He tardado mucho tiempo obedeciendo la orden. El tacto está vedado. Mi mirada se esfuerza por penetrar las tinieblas que me rodean. Mi desánimo es muy grande. Me doy cuenta de que si logro ver en la oscuridad podré distinguir lo que me rodea, y si logro distinguir, querré acercarme, tocar, quizás hablar. Mi "espíritu" me dice que eso no es posible. Nosotros no hablamos. Debo conformarme con adivinar desde mi escasa visión lo que mi ceguera sabía desde siempre. Me rodea la oscuridad. Hay otras cosas -¿serán almas?- en este lugar. No tengo derecho a mirarlas. Sé que mi presencia aquí es inerte. Las cosas están. ¿Tendrían también "alma" como yo creo tenerla? ¿O soy yo una excepción: la única cosa que quiere ver otras cosas, la única "alma" que adivina lo imaginable? Que hay otras cosas parecidas a mí -¿iguales a mí?- en este lugar que desconozco aunque lleve mucho tiempo en él.
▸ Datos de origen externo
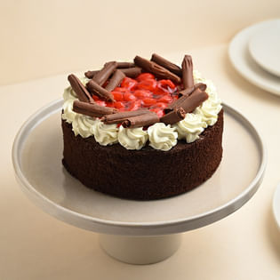 Cherry Black Forest Cake With Golden Bow Teddy Bear

Sospecho. ¿Encerrada aquí?
Sospecho, sin derecho. ¿Quién me ha dicho que estoy encerrada aquí? ¿Quién me mete en la cabeza la idea de un encierro? Si estoy encerrada, ¿qué es lo contrario del encierro? Me castigo a mí misma. Nada me autoriza a pensar estas cosas. ¿Por qué pienso así? ¿Por qué imagino "luz" si todo es "oscuridad"? ¿Por qué hablo de un "afuera" si todo está adentro? ¿Y qué me da derecho a hablar de un "adentro" si ésta es la única realidad que conozco? Esta que habito.
Me basta pensar esto para conformarme de nuevo, como lo tengo sabido desde hace siempre. No tengo derecho a hacerle preguntas. Está prohibido imaginar que existe "otra cosa" que no sea lo que, en la oscuridad, conozca. Culpable de nuevo. "La oscuridad." ¿De dónde me vino esta absurda idea? ¿Qué es lo contrario de lo oscuro? ¿Dónde está?
Regreso entonces a mi verdad original, asida a ella. No hay "oscuridad" porque no existe la "no-oscuridad". No hay "adentro" porque no hay nada "fuera" del espacio que habito.
Lo habito. Y lo comparto.
Esto es lo que me revela la débil luz que me va llegando poco a poco. La luz, acaso, nace de mí e ilumina lo que me rodea. No sé.
Me detengo aquí. Sentí un miedo espantoso al pensar esto. Miedo de dejar de ser. Miedo de alejarme. ¿De qué? Temor de ser expulsada. ¿Adonde?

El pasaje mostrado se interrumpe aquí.